Just in time for the tail end of a brutal heat wave, air conditioners went back on at the Constance Baker Motley public housing complex for the elderly — offering more relief for some tenants than for others.
Karen DuBois-Walton, executive director of New Haven’s housing authority, said the air conditioning went back at the Sherman Parkway complex Thursday morning.
A visit to the complex found the situation was a little more complicated than that.
The cool air was flowing for some seniors on Thursday afternoon. Other tenants, like Mitchell Williams (pictured), could feel only a weak trickle of lukewarm air leaking from their A/C units.
The tenants had been without air conditioning all year. As the city sweltered under a record heat wave this week, the elderly and disabled public housing tenants were left to sweat it out.
On Thursday, a week after the Independent reported the problem, DuBois-Walton announced the good news. “There’s cool air blowing once again,” she said. “The problem has been resolved.”
DuBois-Walton said the Motley tenants were pleased at the repair. “They’re very happy.” She said she wished the cooling could have been fixed in time for the “really hot days” on Monday and Tuesday.
She said she didn’t know exactly what had gone wrong. It was an electrical problem having to do with the “motherboard,” she said. The A/C system needs a complete overhaul in the future, she said. But for now it is at least working.
“They’re cool again,” DuBois-Walton said of the tenants.
But Mitchell Williams, who lives in apartment 306, said he’s not cool. He was sitting in his wheelchair outside the building Thursday afternoon in tan shorts and black socks. “It’s half-fixed,” he said. “It’s like a big joke.”
The A/C unit in his apartment was blowing just a weak stream of air, he said. “It’s not completely fixed the way it’s supposed to be fixed.”

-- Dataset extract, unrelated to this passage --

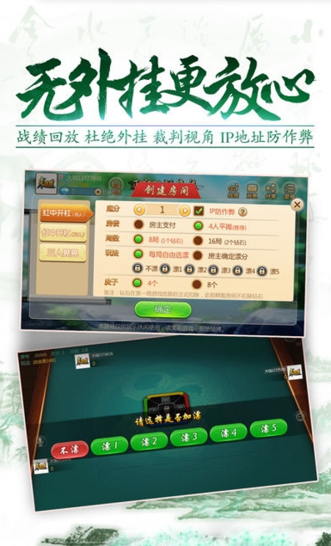 再也不用苦于配桌,全民手机时代,你可以再手机上随时随地和亲朋好友搓麻将,是传统麻将馆的有力补充。和亲朋好友一起开房,决一高下吧!

Verna Wells, a fifth-floor tenant who called statewide legal services last week to complain about the broken A/C, said her air conditioning is on, but not working perfectly. She said she wasn’t going to complain anymore. “I’m thankful we do have a little bit of air,” she said.
“What’s the point of having it working if it’s not working properly?” Williams said.
Williams, who’s 53, wheeled into the building, where it felt just a few degrees cooler than outside. The hallways and elevator were still very warm.
Up in his third-floor apartment, Williams placed his hand over the floor-mounted A/C unit. “It’s just barely pushing out air,” he said.
“If you go down to the housing authority office downtown, they got good A/C,” Williams said. If they had a problem there, it would be fixed in 24 hours, he predicted.
“We’re not asking for anything more than what you promised in the lease,” he said.
If he didn’t pay his rent, he’d get an eviction notice within a matter of days, Williams said. “But we can’t send an eviction notice to them.”
Williams pulled a can of Diet Pepsi out of a chest freezer in his living room. He said he hasn’t been able to cook anything in his apartment; it’s just too hot. Last night, he considered renting a motel room to get out of the heat, but it would have left him without enough money for the rest of the month. Instead, he just took cold showers and doused himself in washcloths dipped in a bucket of ice.
“The Housing Authority of the City of New Haven is not a bad agency,” Williams said. Housing authority workers fixed a leaky faucet and a shower problem he had. “They were right here to fix it,” he said. “Why can’t you be on top of the A/C??
Back outside, another tenant said his air conditioning wasn’t working either. “It’s on but it’s not blowing no air.”
Tenant Douglas Bethea said his air conditioning was working fine. “It’s blowing out cold air.”
A housing authority worker pulled up in a van. He asked whose A/C was broken and followed Williams towards his apartment to check on his.
The worker, who asked not to be named, put his hand up to a dormant ceiling vent in the stuffy hallway. “Before, the hallway was cool,” he said. “I don’t know what happened.”
“I know exactly what happened,” Williams said. “Nobody from the [housing authority] office lives here.”
Inside, the worker put his hand over Williams’ A/C unit. “There’s no cold air coming out of here,” he said.
“That’s the whole point,” Williams replied.
The worker promised to inform his supervisor. The contractors who worked on the system might have to take a look at it again, he said. The A/C is working in most apartments, he said.
William Suggs, head of the building’s Tenant Residence Council, said the building may just need time to cool down after being without air conditioning for so long. He said tenants aren’t ready to celebrate A/C repair quite yet. “They’re at a waiting stage.”